When it comes to finding reliable pet care, though, your closest friends and family are a great place to start asking for recommendations. This is a network that consists of reliable and trustworthy people who genuinely have you and your dog’s best interests in mind.
From here, veterinary offices, groomers and other pet service providers are goldmines when it comes to finding information and opinions as they generally accept and display the business cards of local dog walkers, know them on some sort of level and also have your dog’s best interest in mind.
Freelance pet services also exist and are easily found online, but this is an option you’ll want to be wary of and consider carefully as many of these people have no previous training, but instead a very simple platform to make themselves look professional.

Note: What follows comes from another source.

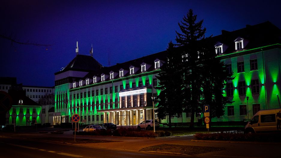 By podziękować za ciężką służbę na wschodzie Polski, budynek Starostwa Powiatowego w Pile podświetlany jest na kolor zielony.

What To Ask Your Dog Walker
- Do they have training? A trained and professional dog walker learns proper handling techniques, as well as how to identify and analyze subtle behavioral cues and concerns. Along with this, a well-trained pet care provider will hold a current first aid certificate, and likely have (or be willing to have) a canine first aid kit accessible when walking dogs.
- Do they have experience? Quickly and accurately identifying exhaustion and heatstroke in dogs, having confidence in the ability to break up a fight or knowing how to react to unknown and sudden issues are skills that come with experience — and it’s crucial to know that your potential dog walker has them.

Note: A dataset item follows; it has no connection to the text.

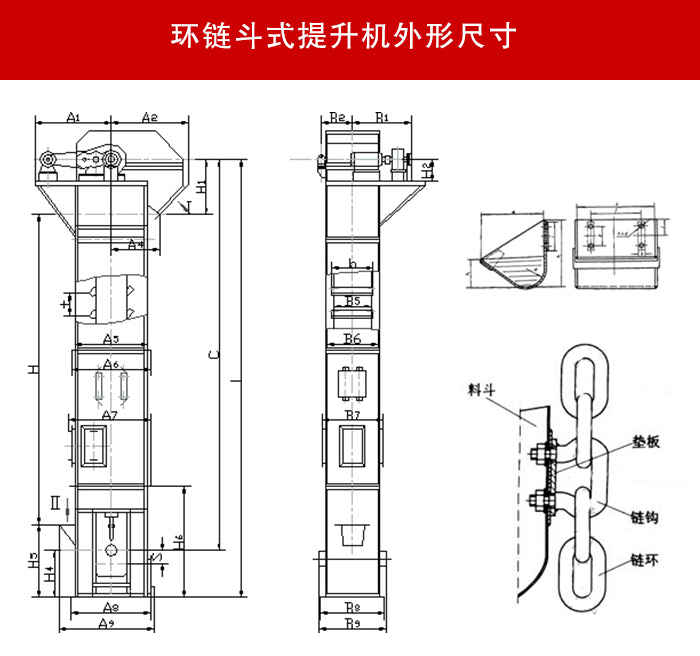 我公司生產的HL型環(huán)鏈離心斗式提升機,由運動部分(料斗與牽引鏈條)、帶有傳動鏈輪的上部區(qū)段、帶有拉緊輪的下部區(qū)段、中間機殼、驅動裝置、逆止制動裝置等組成。本提升機的料斗為間斷式布置,利用“掏取法”進行裝載,“離心投料法”卸料。HL型斗式提升機的牽引機構是兩根環(huán)形鏈條。

- Do they walk more than one dog at a time? Group walks can be stressful for some dogs and challenging for others. If group walks are the standard, it’s important that you and your dog walker are on the same page in terms of introduction, training and correction methods.
- What are their cancellation policies? Life happens, and knowing how your dog walker deals with cancellations and last-minute bookings will make things a lot easier when it does.

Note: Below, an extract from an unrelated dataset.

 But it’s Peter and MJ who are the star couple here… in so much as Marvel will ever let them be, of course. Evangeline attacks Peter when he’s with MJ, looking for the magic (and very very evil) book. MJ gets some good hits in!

- Do they have someone who can cover for them? Just as important as knowing the cancellation policy that applies to you is knowing the policy that your dog walker has implemented for him or herself. It’s not essential, but knowing that your dog walker is reliable beyond even their own efforts and has someone to cover for them in case of emergency is extremely valuable.
Making Sure Your Dog Is As Comfortable With Their Walker As You Are
Dogs know who they do and don’t like. This is normally for a good reason, and it’s important to trust them. That being said, no matter how amazing your new dog walker may be, separation anxiety and other adjustment issues may affect your pet.
In the first couple weeks of their new routine, it’s important to look for signs in your dog that may indicate distress such as pacing or circling when they notice you getting ready to leave, incessant licking or biting at their body and fur and having “accidents” around the house even though they’ve already been successfully house-trained.
Your dog may be exceptionally friendly and blinded by the excitement of a new face before they can make a proper judgment call, so even if their behavior changes months into the game — don’t ignore it!
Treating The Best Dog Walker Like, Well, The Best
Your dog has likely accepted you not giving them your full attention every day as you work, but the time has come to return to our brick-and-mortar work buildings, and your fur baby is in for some even greater adjustments that they may not accept quite as willingly.
Luckily, as we’ve learned, there are ways to help your dog with the transition, and dog walkers to help you with yours.
Once you’ve undergone the process and found yourself a good dog walker, it’s important to treat them right.
Thank your dog walker often, respect their schedule as much as possible, give them good reviews on every platform you can. Wish them well and try to give them time off (or more time, if you know they want all the money they can get) when holidays roll around and celebrate their passion with a simple and thoughtful gift like a corgi mask to keep them safe and stylish out there or a pair of mittens to keep their leash gripping hands as comfortable and functional as their service keeps you.